- Jabberwocky main title
- Starring: Tucker Smallwood JoBeth Williams Robert Prosky Carl Thoma Joanne Sopko Peter Johnson
- Country of origin: United States

Original release
- Network: WCVB-TV
- Release: 1972 – 1974

= Jabberwocky (TV series) =

American children's television series

Jabberwocky is an American daily children's television program designed for 5–10 year-olds that went into national syndication. The original series ran Monday through Friday for over two seasons, from 1972 to 1974, on WCVB-TV in Boston. Starting in 1974, the nationally syndicated version ran weekly and was rerun in the early hours of Saturday mornings by many television stations up until the 1990s.

==Synopsis and history==
Created and videotaped by WCVB-TV Channel 5 Boston, Jabberwocky featured real actors and puppets and various interstitial cartoons. The "show within a show" concept featured actress JoBeth Williams—in one of her earliest roles—and actor Tucker Smallwood as the "lead performer" and "director" respectively of a children's show. The actress and director were played by Joanne Sopko and Carl Thoma in the first season. Harvard professor and psychologist Jerome Kagan was an advisor to the program.

The friendly antagonist in most episodes was puppet character Dirty Frank, who popped up from whatever packing crate was convenient.
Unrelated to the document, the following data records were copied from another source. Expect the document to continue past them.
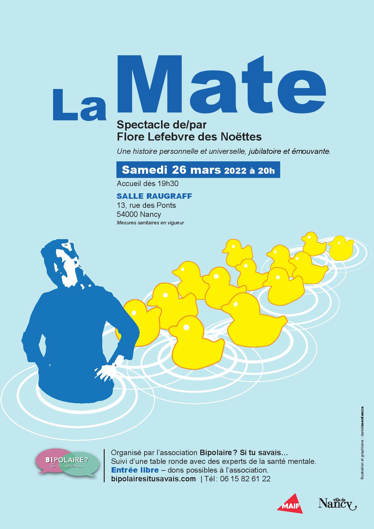 L’histoire de la Mate, par son auteure, Flore Lefebvre des Noëttes : « C’est l’histoire d’une famille dans les années 60, famille nombreuse catholique, dont le père, militaire, Lieutenant-Colonel était bipolaire ; la mère, une « Mère courage », tenue d’élever leurs dix enfants en plus des trois filles qu’il eut d’un premier mariage. A la mort de ma mère, pour la première fois je prends la plume et j’écris l’histoire de notre famille si singulière. (C’est aussi une façon de faire revivre ma mère et d’en faire un hommage). C’est l’occasion pour moi de rire beaucoup. Je reconstruis une nouvelle histoire familiale renversant son tragique en fable comique brossée à la Honoré Daumier.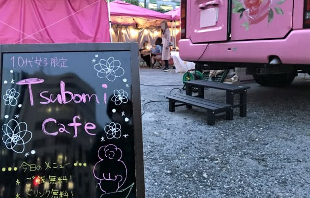 4月中旬の平日夜、東京都渋谷区の公園にピンク色のバスとテントが現れた。一…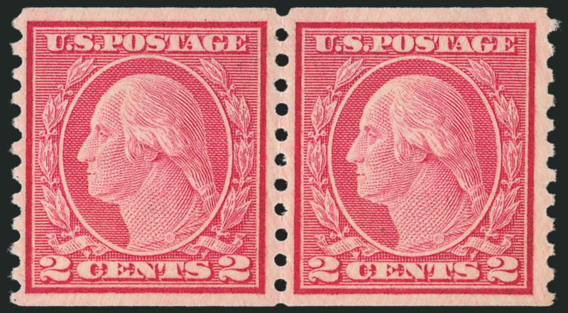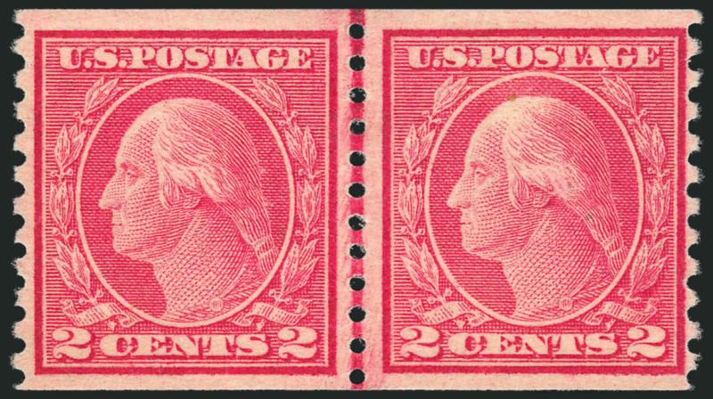This coil is surprisingly rare in Mint N.H. condition. A review of our computerized records, which spans 14 years of our auctions, revealed only two other Mint N.H. pairs.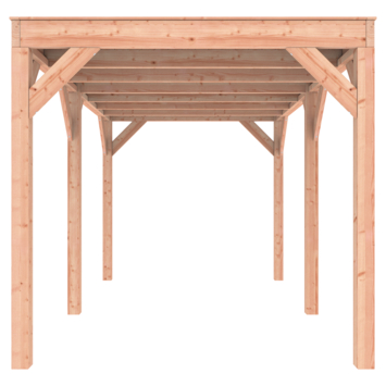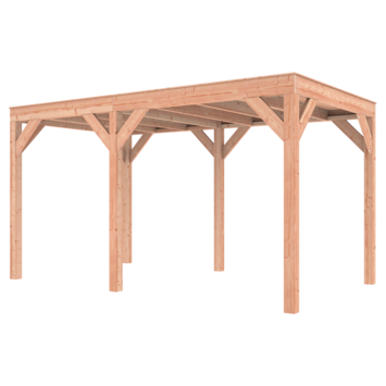 Deze modern vormgegeven overkapping biedt een perfecte balans tussen uitstraling en functionaliteit.De totale afmetingen zijn 245 cm hoog, 445 cm breed en 255 cm diep en heeft een doorloophoogte van 224 cm.Zoek je een overdekte plek voor ontspanning in de tuin? Deze sfeervolle overkapping is een aanwinst voor iedere tuin.Klaar voor een groene toekomst:Dit modern vormgegeven tuinverblijf is speciaal ontworpen om zonnepanelen of een sedum dak te kunnen ondersteunen, Hierdoor is dit verblijf een duurzame en milieuvriendelijke aanvulling op uw tuin is.Zelf aan de slagDankzij de duidelijke opbouwomschrijving, meegeleverde bevestigingsmaterialen en op maat gezaagde onderdelen, is de installatie van dit tuinhuis een haalbare klus voor iedere gemiddelde doe-het-zelver. Dak bekleding:Wij raden aan om deze Douglas overkapping te voorzien van een EPDM Dak bekleding voor een lekvrij dak (Let op: los bij te bestellen).Onderhoud:Bij het kopen van een overkapping is onderhoud een aandachtspunt… Met Douglas hout heb je het goed voor elkaar, Douglas is namelijk van zichzelf al een sterke houtsoort. Het gaat zonder extra behandeling eenvoudig 10 tot 15 jaar mee. Om de maximale levensduur te verlengen kun je gebruik maken van speciale Douglas beits of Douglas olie en elke 2 jaar opnieuw beitsen of oliën.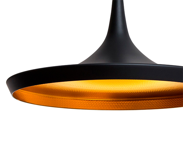 Lampe zum Aufhängen, inspiriert an dem Modell Beat Wide von Tom Dixon. Hergestellt aus Stahl von weißer Farbe, Oberfläche matt, die mit seinem goldfarbenem Innern kontrastiert. Kabel und Zierblende in schwarzer Farbe. Wir weisen besonders auf die goldene Farbe seines Innern hin, in welcher sich das Licht reflektiert und einen schönen kupferfarbenen Ton bekommt. Elegantes klassisches Design, das auch zu modernen Einrichtungen passt, sowohl in Wohnungen als auch in Büros und Geschäften. Sie kann allein oder in Kombination mit anderen Modellen aus der gleichen Kollektion eingesetzt werden.

As a representative alter-ego for children, Dirty Frank's inquisitive nature and his sloppy behavior drove the plot of most episodes.

Another main character was the helpful and venerable Mr. Buchanan (actor Robert Prosky), a human handyman-prop master who concocted various inventions to help children in his backstage workshop. In many episodes, Mr. Buchanan's failed inventions and grandfatherly insights led the characters toward answers to their questions.

The characters were seen in a studio set, but episodes often took them out into the Greater Boston area for miniature documentary segments.

Co-creators Fred Schilpp (Executive Producer) and Adam Villone (Head Writer) wrote many of the episodes along with Dewey Bergman and Joseph A. Bailey. Tucker Smallwood was also an occasional segment writer for the show. The animation sequences, and the puppets, were created by Tom and Bob Jurkowski. The original theme music was written and produced by David Lucas of David Lucas Associates, a commercial music house in New York. Gail Frank was Producer and eventually became Executive Producer. Peter Johnson, the puppeteer, was trained by Caroll Spinney (Big Bird) from Sesame Street and Children's Television Workshop.

The value-based program won several major broadcasting awards including a citation from Action for Children's Television, the first ever given to a commercial television program.

==Reruns and syndication==
WCVB-TV continued to air Jabberwocky well after it went out of production, as it became part of the station's past legacy of original local programming (for over two decades, WCVB was known for producing more local programming than any other station in the U.S.). By the mid-to-late 1980s, the show could always be seen Saturday mornings at 5 a.m., followed by off-network reruns and later, in the 1990s, by syndicated children's programming that lead up to ABC's Saturday Morning lineup (most notably Cappelli & Company). However, WCVB did venture into original children's programming post-Jabberwocky; subsequent shows included The Nature World of Captain Bob, Pixanne, Rainbow, Rapmatazz and A Likely Story.

By 2000, after continually airing for more than 25 years, Jabberwocky, along with classic airings of The Nature World of Captain Bob, vanished off the station's schedule.